Friday, March 1, 2019

A Conspiracy to Debunk

On last Sunday's Last Week Tonight with John Oliver John Oliver spent most of the show discussing psychics, mediums, clairvoyants, etc. He did, as always, a fantastic job demonstrating why not only are these things simply not true (duh) they are actually harmful to people's healing process and financial situation. It's 21 minutes of fantastic TV and cannot recommend it highly enough.

The piece is, unsurprisingly, not going to convince a lot of people that psychics and mediums are frauds. Oliver is right that facts will not, by themselves, convince people to change their beliefs. If that were true things like the Discovery Institute (promoting the pseudoscience of Intelligent Design) or the many flat Earth conferences wouldn't exist. (There's an excellent YouTube video that does a very thorough job of discussing the recent explosion of flat Earth nonsense.) Heck, all the way back in 1925 Harry Houdini went around the country exposing psychics and seers as the frauds they were/are. Since the YouTube rabbit hole is now open there's a great bit from Drunk History that recreates one of these debunkings with the added benefit that Sir Arthur Conan Doyle ropes Houdini into it.
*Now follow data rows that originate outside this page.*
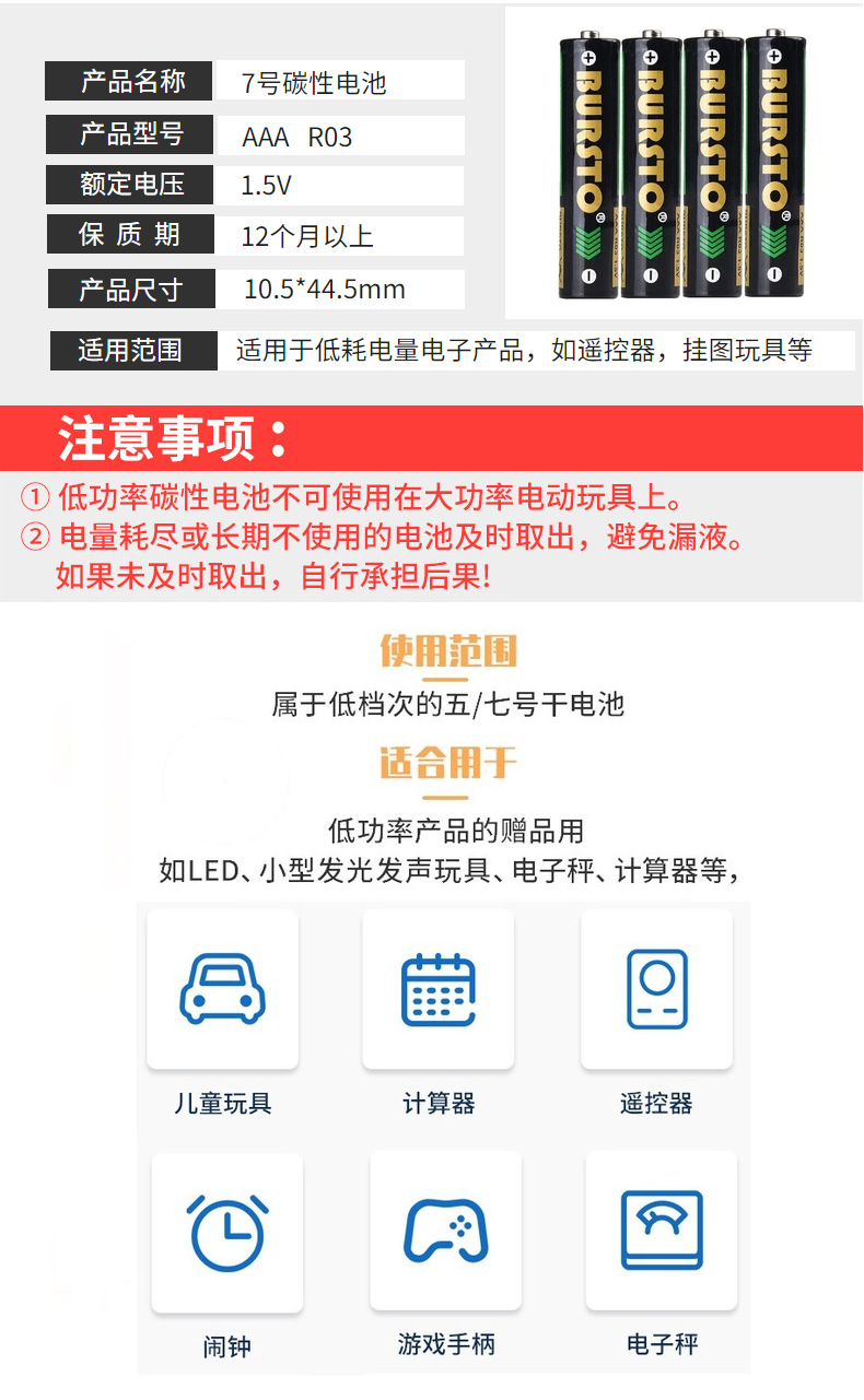 【产品说明】本款为7号1.5V AAA R03普通型低功率碳性电池,只适用于耗电量低的产品(比如遥控器,有声挂图,发光小玩具等)做赠品赠送或产品试机使用,下单前可免费拿样测试,大货质量以样品为准!大功率电子产品请选择7号高功率碳性电池或碱性电池,详情请咨询客服! 【发货说明】5点半前拍下的订单均可当天发货,节假日可能延迟发货!
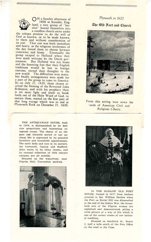 1930s Plymouth Massachusetts Brochures 1st Church Antiquarian Harlow Old Fort
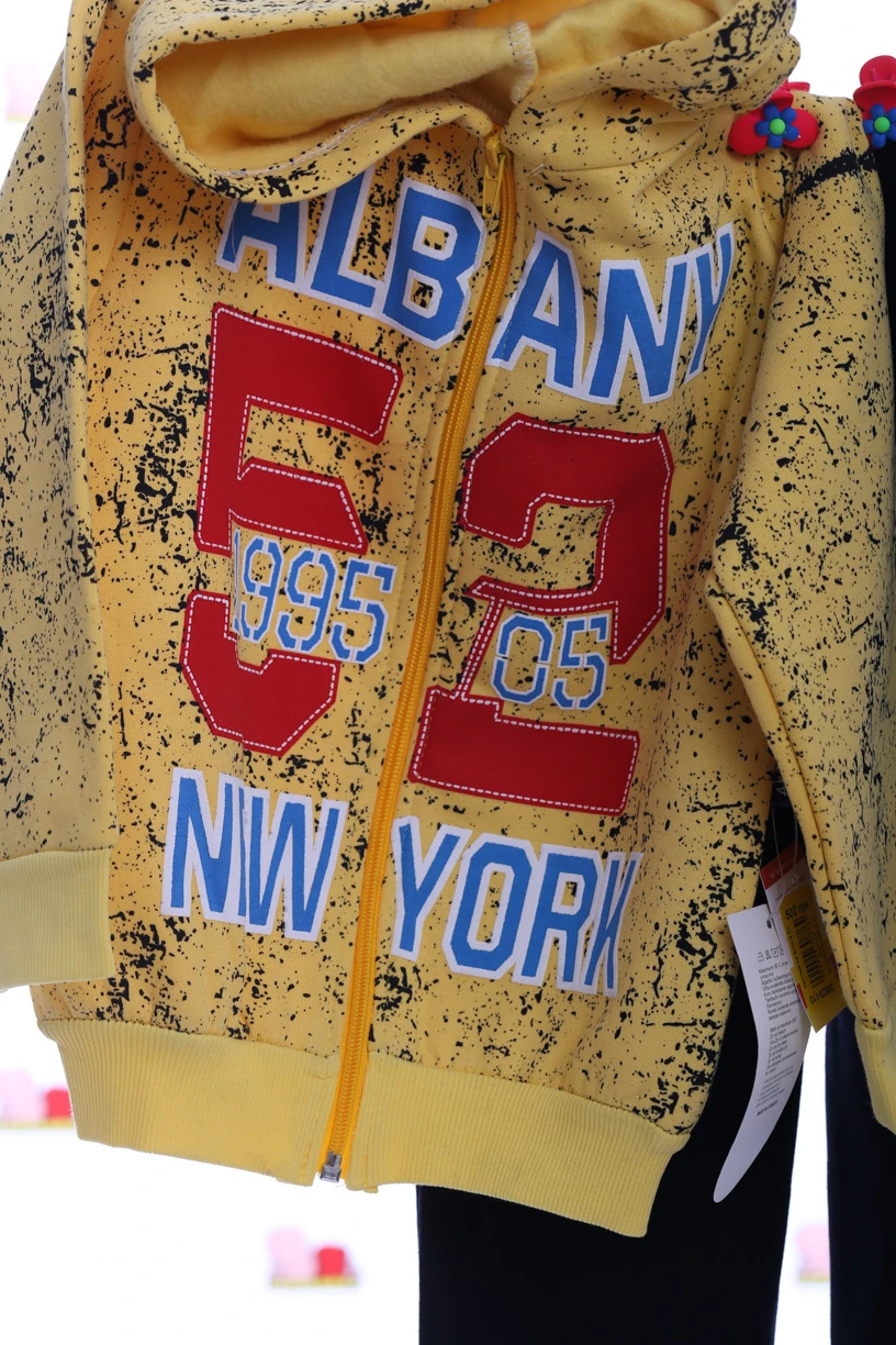 Дитячий костюм складається з штанів і толстовки з капюшоном.

Seances, psychics, remote viewing, etc. are part of a whole world of "powers" or "hidden knowledge" that "they" don't want "us" to know about. While there may not actually be more conspiracy theories than before it certainly seems like they spread faster and effect people's beliefs more than in the world before the internet. Proof of this could be easily be obtained by pointing at the President. Trump certainly loves conspiracy theories (and loves inventing them). The Los Angeles Times editorial board actually named one of it's articles on Trump "Conspiracy Theorist in Chief".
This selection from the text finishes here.